One of the problems with making your own is that the options are fairly limited on just how you go about opening video files and pulling out the candy frame goodness. For Windows users, the option is to use DirectShow which I can only describe as The Crystal Maze for it's Byzantine ways of operating are beyond mortal ken. The other option is to use a pre-built library such as ffmpeg or similar. This was out as well as not only was it a whole new way of working for me (Windows development files were few and far between) it was a whole new set of a programming challenges which made the learning curve more of a learning cliff.
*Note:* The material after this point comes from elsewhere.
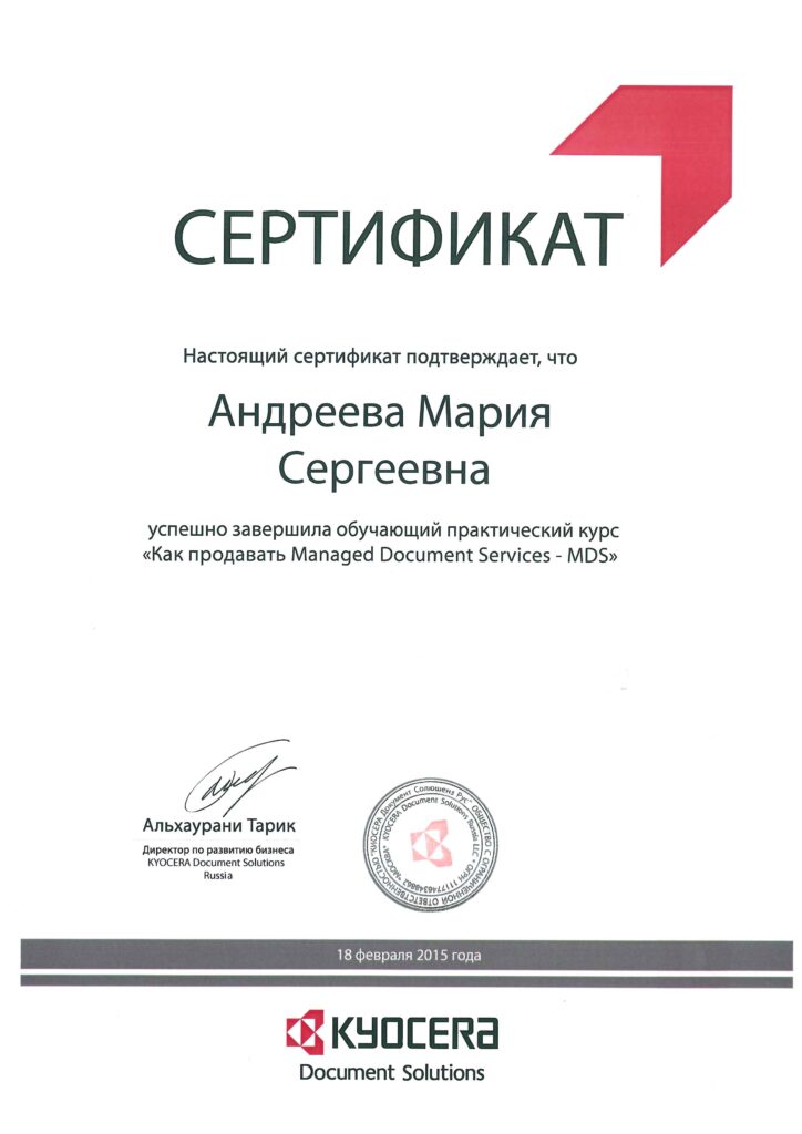 February 18, 2015. Received a certificate for completing the practical course “How to Sell Managed Document Services — MDS.” The course was led by Neringa Romanovskaja — that caliber of expert whose background isn’t just theory, but mountains of real-world cases tackled since 2002.

"during testing I had a number of problems with this"

So I turned forlornly to existing media-players in the slim hope that one of them would have the abilities required for scripting a makeshift screenshotter. Media Player Classic has limited command line support, VLC is more geared towards client/server setup and I couldn't even figure out whether that route would lead to any semblance of success, BSPlayer... The list goes on as to the number of players which don't supply a full body of command line options.

The silver lining, the angel of hope was MPlayer. If you're prepared to wade through a bit of fudge to get there, MPlayer provides everything you need to script a screenshotter:

  • jump to any part of the file from the command line
  • output into different (static) formats such as PNG and JPEG
  • can output file information (length, dimensions etc.)

With these three functions MPlayer is almost all you need. Almost.